I will quote Zakaria before I come to his dismissal of Antigua. Read this: “There is a growing unease at the rapid spread of multi-party elections because of what happens after the elections.” Zakaria then documents the egregious abuse of power in a large number of countries after free elections take place.
He does not mention Guyana, but the picture fits Guyana perfectly. Read again: “Constitutional liberalism has led to democracy, but democracy DOES NOT SEEM TO BRING (emphasis mine) constitutional liberalism.”
Here is the part all Guyanese should note: “Elections require politicians to compete for people’s votes. In societies without strong traditions of multi-ethnic groups or assimilation, it is easiest to organize support along racial, ethnic, religious lines.

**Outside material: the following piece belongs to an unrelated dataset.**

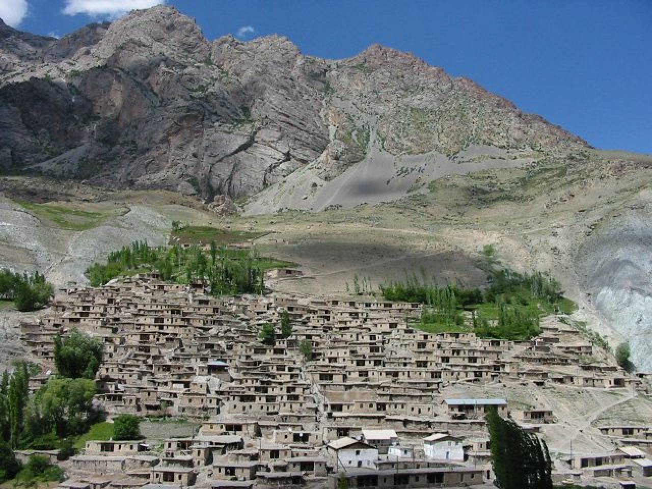 パンジャケント市から山奥に向かって1時間ほど車を走らせると、想像もつかないような村があります。パンジャケント区の最も外れにある村です。ザラフシャン川をずっと沿って行くと、自然の豊かさに感銘を受けることでしょう。川の水はとても澄んでいて、川底の石まで見通すことができます。村に入る前にちょっと高い山を登ると、果樹園に囲まれた村民が集まる小さな広場があります。そこから山頂までは建物が立ち並んでいます。山腹に階段状に建てられた建物を隣の山から見ると、村全体が巨大なビルのように見えます。村のお手洗いは全て村から離れた川の向こう側にあります。村の人々は皆親切で、村に入った途端に皆が集まってきて、いろんな美味しい物をご馳走してくれます。特に子供たちが大はしゃぎして、お祭りのようになります。この村でホームステイもできますし、日帰りでパンジャケット市に帰ることもできます。

“Once an ethnic group is in power, it tends to exclude other ethnic groups. Surveying the breakdown of African and Asian democracies in the 1960s, two scholars concluded that democracy is simply not viable in an environment of ethnic preference.
“Recent studies have confirmed this pessimism.”
The author ends his analysis by advising that US foreign policy should concentrate more on the assertion of constitutional liberalism in the Third World rather than on free, open elections. The reason is that rights and freedoms are more important than open, competitive balloting.
Finally, Antigua. Dr. Zakaria refers to it as a semi-democracy. Here is where the Guyana case study becomes interesting. If Antigua is a semi-democracy, then if you describe events in Guyana to Dr. Zakaria, he would probably term this country a despicable tyranny.
The following political pathologies present in Guyana are absent in Antigua — mysterious assassination of a radical anti-government activist; five years in jail for an anti-government critic who wasn’t convicted for any crime; terrorism advocacy charges against an anti-government spokesperson that several stakeholders agree should not have happened; consistent attacks by central authorities on the media; centralized domination of Parliament and the advocacy of its independence by a Commonwealth consultant; withholding of presidential assent on twelve Bills passed by majority vote in Parliament; refusal to pass a Freedom of Information Act; no human rights commission; no money laundering commission; no procurement commission; suspected official involvement in extra-judicial killings.
There is no point in continuing the enumeration. These political perversities do not characterize the Antiguan landscape, yet Antigua is not classified as a full-fledged democracy. Reading the theoretical insights of Fareed Zakaria puts this country into a categorization that certainly is not within the league of democracies. Guyana, then, has an elected dictatorship.